In today’s world, data is produced in abundance every day. The internet is a great source of getting data relevant to our needs. In order to make this easier, we can use web scraping which is the process of collecting data from the web.
Web scraping is a popular technique for obtaining data from sites that don’t provide direct API. Moreover, Python has made it easier to perform web scraping with the help of modules like BeautifulSoup.
Pandas is a popular library of Python used for handling data. The read_html()
function helps you to read HTML tables on web pages in the form of a list of DataFrame objects. That is, if a web page has multiple pages, they will be read as a list of DataFrame objects.
In this article, you will learn how to read HTML tables from a string, a URL, a file, and typecasting tables using the Pandas read_html()
function.
Prerequisites for using read_html()
You need to have Python and Pandas installed on your computer and your favorite IDE set up to start coding. After this, install the lxml module before using the read_html()
function. It is an external module and is not included in the Python distribution. You can install it using the command:
pip install lxml
Extracting tables from strings of HTML using Python
In the following code, a variable named html_table contains a string representing an HTML table.
html_table = """
<table>
<thead>
<tr>
<th>ID</th>
<th>Name</th>
<th>Designation</th>
<th>Salary</th>
</tr>
</thead>
<tbody>
<tr>
<td>5</td>
<td>Jenny</td>
<td>Branch Manager</td>
<td>50000</td>
</tr>
<tr>
<td>1</td>
<td>Alice</td>
<td>Salesperson</td>
<td>38000</td>
</tr>
<tr>
<td>4</td>
<td>Thomas</td>
<td>CEO</td>
<td>85000</td>
</tr>
<tr>
<td>8</td>
<td>Bob</td>
<td>Software Developer</td>
<td>67000</td>
</tr>
</tbody>
</table>
"""
You can read this table using Pandas in the following way:
import pandas as pd
df = pd.read_html(html_table)
df

Notice that the output is in the form of a list containing only one table here. It can be viewed as a data frame by accessing the specific index in the list.

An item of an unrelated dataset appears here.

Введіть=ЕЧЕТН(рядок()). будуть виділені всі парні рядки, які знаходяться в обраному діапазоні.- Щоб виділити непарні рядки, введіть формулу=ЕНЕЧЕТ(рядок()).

You can check the data type of each column as:
df[0].dtypes
ID int64
Name object
Designation object
Salary int64
dtype: object
Extracting table from a URL
The read_html()
function accepts URLs and reads HTML tables on that web page.
import pandas as pd
url = 'https://www.infoplease.com/geography/largest-countries-world-area'
df = pd.read_html(url)
df[0]

You can also check how many tables are present on the web page by computing the length of the list.
len(df)
1
Here, the above URL contained only one table.
Note that, the content on the web page might change over time and you may get a different result if your run the same code.
Extracting tables from files
The read_html()
function also accepts files and reads the tables in them.
In the following code, the file ‘table.txt’ contains the HTML code for two tables like this:

import pandas as pd
file_path = 'table.txt'
with open(file_path, 'r') as f:
df = pd.read_html(f.read())
df
Output:
[ ID Name Designation Salary
0 5 Jenny Branch Manager 50000
1 1 Alice Salesperson 38000
2 4 Thomas CEO 85000
3 8 Bob Software Developer 67000,
Roll No. Name Marks
0 10 John 23
1 5 Mary 40
2 18 Max 44]
The output list has two tables. You can view each one of them by using indexing.

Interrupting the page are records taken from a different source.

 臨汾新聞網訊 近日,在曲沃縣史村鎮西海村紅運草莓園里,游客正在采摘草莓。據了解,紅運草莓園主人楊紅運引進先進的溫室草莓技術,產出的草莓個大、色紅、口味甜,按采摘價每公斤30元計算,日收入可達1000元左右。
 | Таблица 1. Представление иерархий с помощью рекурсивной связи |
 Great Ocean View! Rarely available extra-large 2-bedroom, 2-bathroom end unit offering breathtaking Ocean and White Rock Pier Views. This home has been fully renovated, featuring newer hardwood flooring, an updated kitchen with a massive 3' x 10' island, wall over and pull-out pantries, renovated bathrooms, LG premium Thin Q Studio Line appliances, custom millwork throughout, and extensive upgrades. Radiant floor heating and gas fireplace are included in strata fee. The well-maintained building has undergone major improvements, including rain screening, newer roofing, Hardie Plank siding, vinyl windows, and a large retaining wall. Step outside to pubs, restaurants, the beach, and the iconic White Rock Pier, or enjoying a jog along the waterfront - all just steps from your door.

Typecasting table columns with converters
Sometimes, you might want the data types of some columns from the table to be of a specific type. In such cases, you can typecast them using the read_html()
function. Recall that in the above example, the data type of ‘Salary’ was ‘int64’.
import pandas as pd
df = pd.read_html(html_table, converters={
'Salary': float
})
df

If you check the data types now, you will see the data type of ‘Salary’ to be float.

Summary
The Pandas read_html()
function is a quick and efficient way to read HTML tables from various sources. It is very helpful while performing web scraping. One of the limitations of read_html()
is that it cannot read tables that are loaded with JavaScript. Also, some websites do not allow the scraping of data, so in that case this function is of no use.